Determinada e optimista, Mindinha tem como lema a sentença popular:
«Candeia que vai à frente, alumia duas vezes…» [...]
A
palavra “xisto” é recorrente. Aqui o xisto é a base, a terra, o
chão, a realidade concreta, de onde parte a humanidade, e a
espiritualidade alada das personagens/ que são gente de coração
generoso e de alma aberta ao Infinito… [...]
Em
“Aldeia da Pena, um mundo quase irreal” a própria linguagem se
faz irreal em leveza, beleza, e propriedade: pela sua significação
e sonoridades sugestivas.
«Subir
ao São Macário é já uma festa. Descer aquela estrada estreita, de
quase três quilómetros, em constante confronto com o abismo (…)
para além de ser um acto de coragem em jogo de subtilezas (…) é
também um percurso de migração em que a nossa identidade dá o
salto para um mundo quase irreal.»
“As
mulheres da Pena – heroísmo no feminino” – este título remete
para algumas narrativas em que se destacam as mulheres: pela sua
tenacidade, trabalho intenso, capacidade de resiliência, de doçura
e de imaginação criativa, no confronto com o quotidiano. É “o
eterno feminino”, na construção do mundo, no acto continuado de
tecer a paz, de tecer o aconchego familiar. Tal como outrora,
Penélope, a grega, tecendo e desfazendo a sua teia, num ritual de
silenciosa sabedoria, para manter, indefectível, a sagrada
fidelidade a Ulisses, seu marido. [...]
Com
“A casa assombrada” e “Bruxas e assombrações, temos o
fantástico em CONTOS
DE XISTO. Ele aí
está pelas vozes das personagens “Ti Belmiro” e “Maria”, a
parteira da aldeia de Meã, a mãe-velha, como é chamada.
Em
ambas as narrativas nos aparece,/ nítida,/ a ambiguidade ou
hesitação entre duas explicações: a racional e a meta-empírica
(ou supra-real). [...]
Assim,
no domínio do fantástico, produz-se um acontecimento que a razão
não explica. O “mistério”, o inexplicável” o “inadmissível”,
introduz-se na vida real, ou no mundo real - de acordo com as
citações feitas. Em “A casa assombrada”, às certezas do “Ti
Belmiro” opõe-se a dúvida, a vacilação de dois entrevistadores.
É que o “Ti Belmiro” “viu”, ele afirma que “viu” o
Diabo, o “Rabudo”, que esconjura com um “Abernúcia!”
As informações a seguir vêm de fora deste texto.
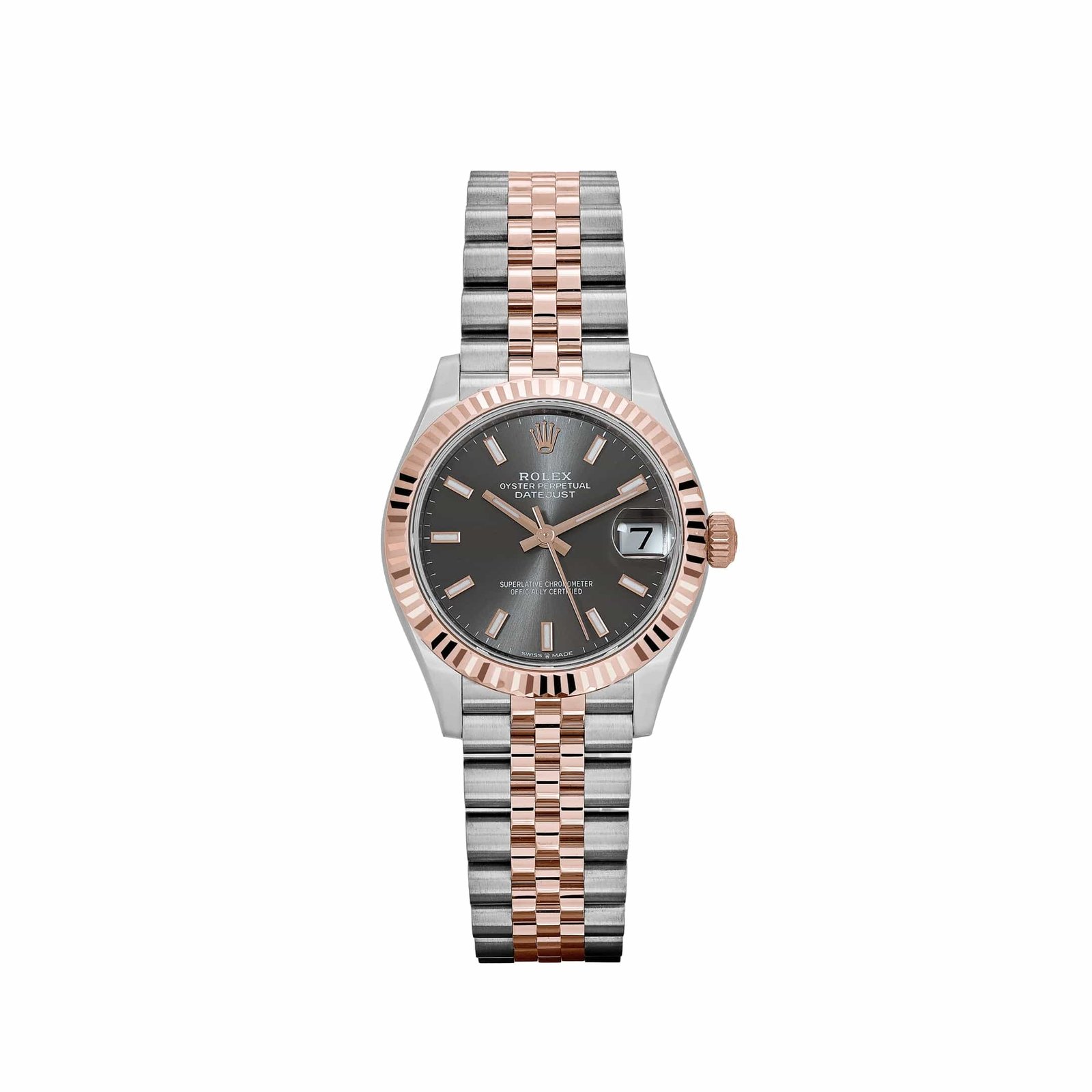 The Rolex Datejust 278271 is a graceful and timeless 31mm ladies’ timepiece, crafted in Rolesor—Rolex’s signature combination of stainless steel and 18k Everose gold. This elegant reference features a polished Everose gold fluted bezel, a slate dial, and a classic Jubilee bracelet, seamlessly blending warmth and luxury with everyday versatility.

de arrepiada rejeição. Finalmente a ordem do mundo real
sobrepõe-se quando se descobre que se trata apenas da cabra preta da
Ti Zulmira a qual, numa atitude muito pragmática, completamente
avessa ao fantástico, ou a qualquer outra especulação, pergunta
aflitivamente:
-«E
agora? Quem é que me vai pagar a minha cabra preta?»
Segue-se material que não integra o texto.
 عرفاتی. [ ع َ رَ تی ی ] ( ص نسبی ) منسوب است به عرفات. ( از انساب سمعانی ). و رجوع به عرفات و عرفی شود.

Em “Bruxas assombrações”, a vacilação, a descrença do
fantástico, por parte da Senhora Professora (personagem secundária,
deuteragonista que se identifica com a Autora desta obra) não
encontra eco na consciência da “Maria, a mãe-velha” que,
invariável e peremptoriamente, responde:
-
«Não senhora, aquilo era o Diabo!»
-
«Não senhora, aquilo era uma alma penada!»
-
«Não senhora, aquilo eram as bruxas!»
[...]
Da
intimidade calorosa e pulcra de um conjunto de “aldeias de xisto”
nasceu esta obra, que é um contributo notável para a cultura e para
uma civilização que se quer repassada de humanismo, zelosa guardiã
do passado. Esse passado que é berço do presente e que é
imprescindível conhecer como matriz do futuro; esse passado que é
alicerce, estruturante de um agir que será, sempre, no futuro,
pautado pelos mais altos valores do Espírito, da Cultura e da Ética.